I'm guessing just gluing all of this together wouldn't be strong enough? Would people put a few butterflies across the joints after it's glued? Or something else? Thanks


----------



## John Smith_inFL (Jul 4, 2018)

LaBow - each time you change subjects with different posts,
it would be a good idea to give the history and all you know
about the wood that you are currently working with.
that way, we all can be on the same page for the most accurate feedback.

with those two slabs, please post all the particulars such as species, thickness,
when the tree was cut down, when were the slabs cut off, how long have
they been drying and under what conditions.
and - do you intend to leave the bark on or take it off. (that is another issue).

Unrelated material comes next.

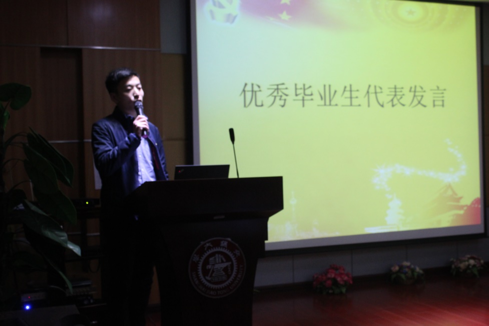 最后,郑浩副书记寄语即将毕业的同学们在新的起点上,始终秉承感恩之情、责任之心、激情之志、梦想之帆,用实际行动践行“中国梦·我的梦”的鸿图之志,做一名让祖国骄傲、让母校骄傲、让父母骄傲的交大学子。

if we don't know that, you may receive the wrong information that could possibly
lead you down the road of frustration that you may never recover from.
(as noted in your other post about working with green wood).

as for adding the strip of a different wood between the two, . . . . . 
since they are so closely book matched, I would get them to join
flawlessly first, just to see how they look. and make your decisions then.


----------



## ChiknNutz (Apr 22, 2011)

Butterflies would work. If you want them more inconspicuous, you can route a couple of stopped channels in the back side of both pieces, then span the gap with rebar or even wood dowels. Bond the rods into the tracks with bondo or epoxy.


----------



## Labow (Oct 4, 2018)

Thanks for the replies. So, I don't actually have much information about the piece. I found this piece last winter, and it's been sitting in my backyard since. Not sure when it was cut down. I'm looking into moisture meters so that I can check and see where the pieces are at (if anyone has a recommendation send me a message). 
I cut the larger piece into these two pieces earlier this week, and they've been in my garage. I was thinking about keeping the bark, but when I was cutting the piece I knocked off a couple of good size pieces of bark, so I'll be taking it off. 
I'm fairly new to all this, and am still learning how to identify different species (I have another post about that), so I'm not sure what species it is. I'm attaching a picture of the piece as it was before I cut it. Maybe someone here can help with that. 
As far as size, about 2.25" thick, and 2' +/- across.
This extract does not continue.